Ketiganya adalah mantan Kepala BGN Dadan Hindayana, mantan Wakil Kepala Bidang Operasional Sony Sonjaya, dan mantan Wakil Kepala Bidang Pengembangan Organisasi Lodewyk Pusung. Ketiganya langsung ditahan pada hari yang sama saat ditetapkan sebagai tersangka, tepat sehari setelah Presiden Prabowo Subianto mencopot mereka dari jabatan.

“40 hari, di mana penyidik mengajukan perpanjangan ke penuntut umum,” kata Kepala Pusat Penerangan Hukum Kejagung Anang Supriatna kepada wartawan, Kamis (25/6/2026).

Anang menegaskan proses penyidikan masih berjalan dan penyidik membutuhkan waktu tambahan untuk mengumpulkan barang bukti serta melengkapi berkas perkara. Perpanjangan ini dilakukan sesuai ketentuan dalam KUHAP.

Dalam kasus ini, jaksa menemukan adanya intervensi dalam proses verifikasi yang meloloskan satuan pelayanan pemenuhan gizi yang sebenarnya tidak memenuhi syarat. SPPG itu diduga dikelola oleh yayasan yang terafiliasi dengan pejabat BGN. Selain itu, penyidik juga mengendus praktik jual beli titik SPPG dan penggelembungan harga dalam berbagai pengadaan barang.
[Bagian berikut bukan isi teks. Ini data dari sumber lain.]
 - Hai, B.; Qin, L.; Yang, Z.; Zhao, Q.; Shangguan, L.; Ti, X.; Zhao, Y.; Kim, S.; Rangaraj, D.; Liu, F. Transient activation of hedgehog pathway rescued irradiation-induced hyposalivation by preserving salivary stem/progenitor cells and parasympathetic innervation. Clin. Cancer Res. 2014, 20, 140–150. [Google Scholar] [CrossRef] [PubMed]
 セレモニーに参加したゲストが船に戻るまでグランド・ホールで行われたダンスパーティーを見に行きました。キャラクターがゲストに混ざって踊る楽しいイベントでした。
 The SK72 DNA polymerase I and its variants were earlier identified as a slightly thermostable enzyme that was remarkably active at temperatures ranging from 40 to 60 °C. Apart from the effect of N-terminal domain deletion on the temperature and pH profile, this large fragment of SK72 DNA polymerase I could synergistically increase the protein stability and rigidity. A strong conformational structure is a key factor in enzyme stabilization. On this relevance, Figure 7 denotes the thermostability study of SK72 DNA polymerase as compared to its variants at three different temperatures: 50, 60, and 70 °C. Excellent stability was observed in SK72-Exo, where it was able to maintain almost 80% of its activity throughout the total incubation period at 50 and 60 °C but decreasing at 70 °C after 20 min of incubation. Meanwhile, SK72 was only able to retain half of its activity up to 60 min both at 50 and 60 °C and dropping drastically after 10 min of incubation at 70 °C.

Barang-barang yang diduga di-markup antara lain 21.801 unit motor listrik senilai Rp1,03 triliun, 32.000 pasang sepatu, 31.994 unit tablet, dan 5.400 unit televisi 75 inci. Seluruh pengadaan itu kini menjadi inti dari penyidikan yang sedang berlangsung.
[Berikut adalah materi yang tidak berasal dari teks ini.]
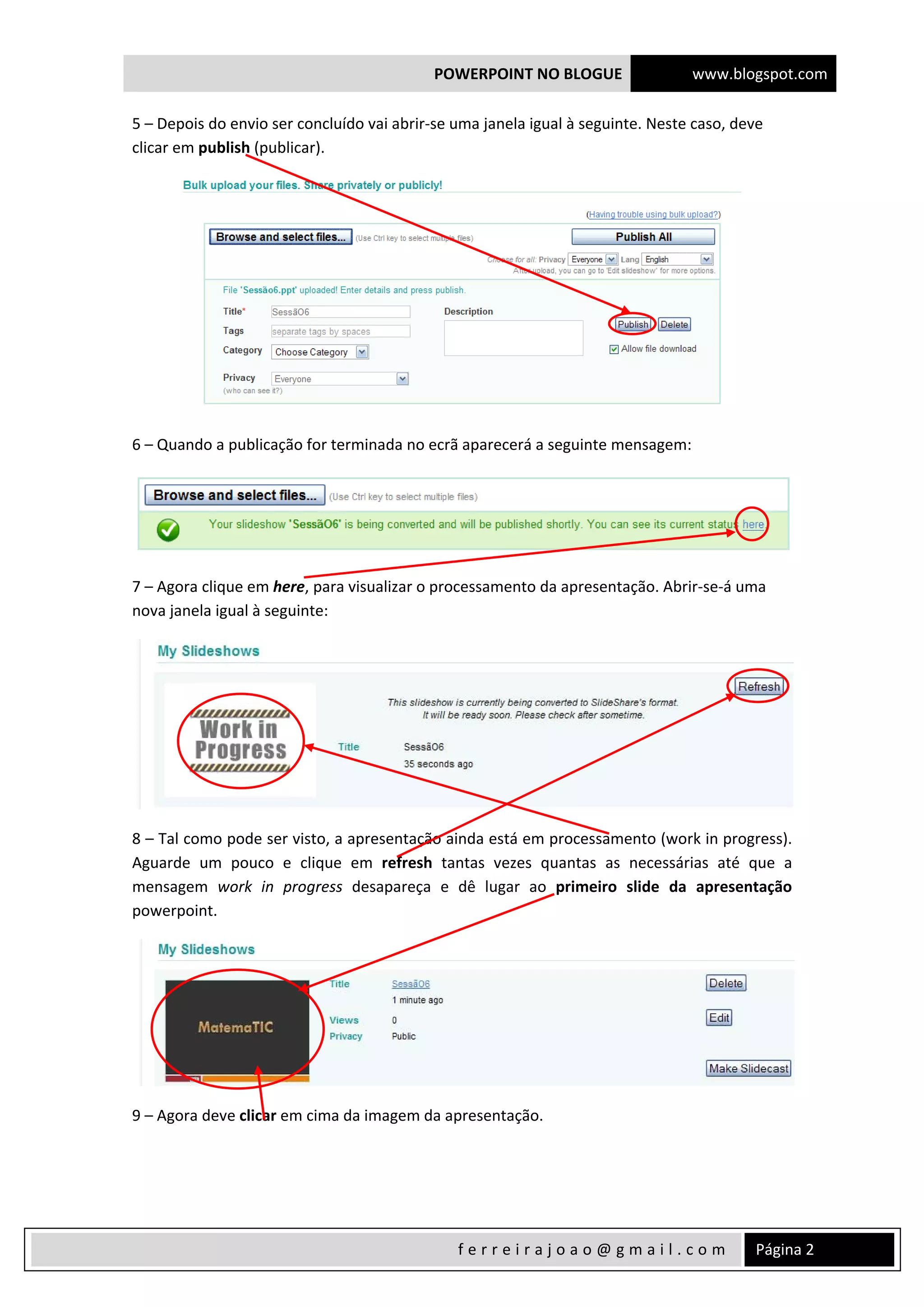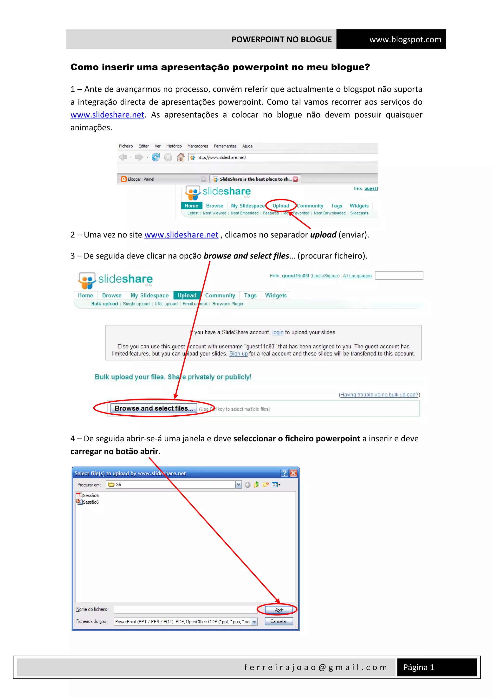 Este documento fornece instruções passo-a-passo para inserir uma apresentação PowerPoint em um blog do Blogger através do serviço SlideShare, começando pela publicação da apresentação no SlideShare e terminando com a postagem no blog.

Hingga saat ini, Kejagung telah menetapkan enam tersangka dalam perkara ini. Selain trio mantan pimpinan BGN, penyidik juga menjerat Asep Yusuf Somantri, Komisaris PT Yasa Artha Trimanunggal Andri Mulyono, serta Ketua Yayasan Indonesia Food Security Review Glory Harimas Sihombing.

Yang menarik, Sony Sonjaya belakangan mengajukan permohonan justice collaborator kepada Lembaga Perlindungan Saksi dan Korban. Berdasarkan hasil gelar perkara dan penelitian alat bukti, tim penyidik menyimpulkan bahwa Sony memegang peran sentral dalam konstruksi perkara ini. Langkah Sony menjadi variabel baru yang bisa membuka lebih lebar peta keterlibatan pihak lain.

Perpanjangan penahanan ini menjadi sinyal bahwa penyidik belum berhenti pada para tersangka yang sudah ditetapkan. Kejagung masih memburu bukti tambahan untuk mengurai dugaan korupsi yang disebut merusak integritas program unggulan pemerintah tersebut.